At its closest point, the AT-802 had about 15 feet of horizontal separation from the drone. The ag pilot did not have time to take any evasive actions.

An ag aviator making an application south of Morrilton, Arkansas, had a near miss with a drone on April 12, according to an Arkansas County Sherriff’s Office and an FAA incident report that stated an AT-802 ag aircraft had been making applications for a customer, who witnessed the incident. The pilot was in a routine turnaround while making an application at about 300 feet above ground level. The pilot reported there was approximately 1,000 feet of separation at first sight of the drone. At its closest point, the AT-802 had about 15 feet of horizontal separation from the drone. The pilot did not have time to take any evasive actions.

The drone operator was with the Arkansas Department of Transportation and flying the drone to survey land near where the aerial application was being made. The drone operator saw the ag aircraft working nearby but still elected to launch the drone. After the near miss, the drone operator stated that the ag aircraft sprayed the drone, so she landed it to clean the lens of the camera on the drone.

The ag pilot notified the customer using the ag aircraft’s services that he had just had a near miss with a drone, so the customer called the police to report the incident. According to the police report, the drone operator told the responding officer that “the crop duster did not have a transmitter on, therefore she was unable to see where the duster was locate [sic].”

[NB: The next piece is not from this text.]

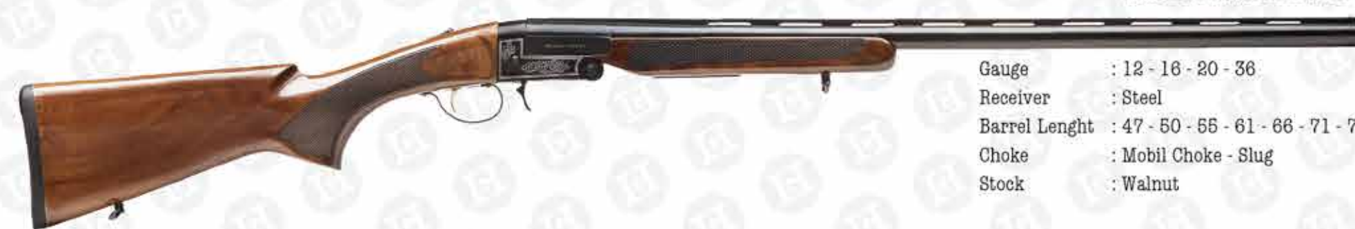
TARGET SINGLE GP12

Gauge : 12 - 16 - 20 - 36 Receiver : Steel Barrel Length : 47 - 50 - 55 - 61 - 66 - 71 - 76 Choke : Mobil Choke - Slug Stock : Walnut

The drone operator’s response underscores an unfamiliarity with FAA rules regarding safe operations between manned and unmanned aircraft. Federal Aviation Regulations §107.37(a) states:

Each small unmanned aircraft must yield the right of way to all aircraft, airborne vehicles, and launch and reentry vehicles. Yielding the right of way means that the small unmanned aircraft must give way to the aircraft or vehicle and may not pass over, under, or ahead of it unless well clear.

There is no requirement for the manned aircraft to be equipped with ADS-B or a transponder in Class G airspace where the operation took place.

NAAA is following this incident and will provide an update when new developments arise. If you have an encounter with a drone, use the NAAA Ag Pilot-UAV Encounter Checklist to properly report the incident. While it might seem redundant, it is critical that you both report the incident to the FAA National Safety Hotline and call your local FAA Flight Standards Office.


NAAA will continue to promote the importance of manned aviation safety to drone operators, the FAA and the public.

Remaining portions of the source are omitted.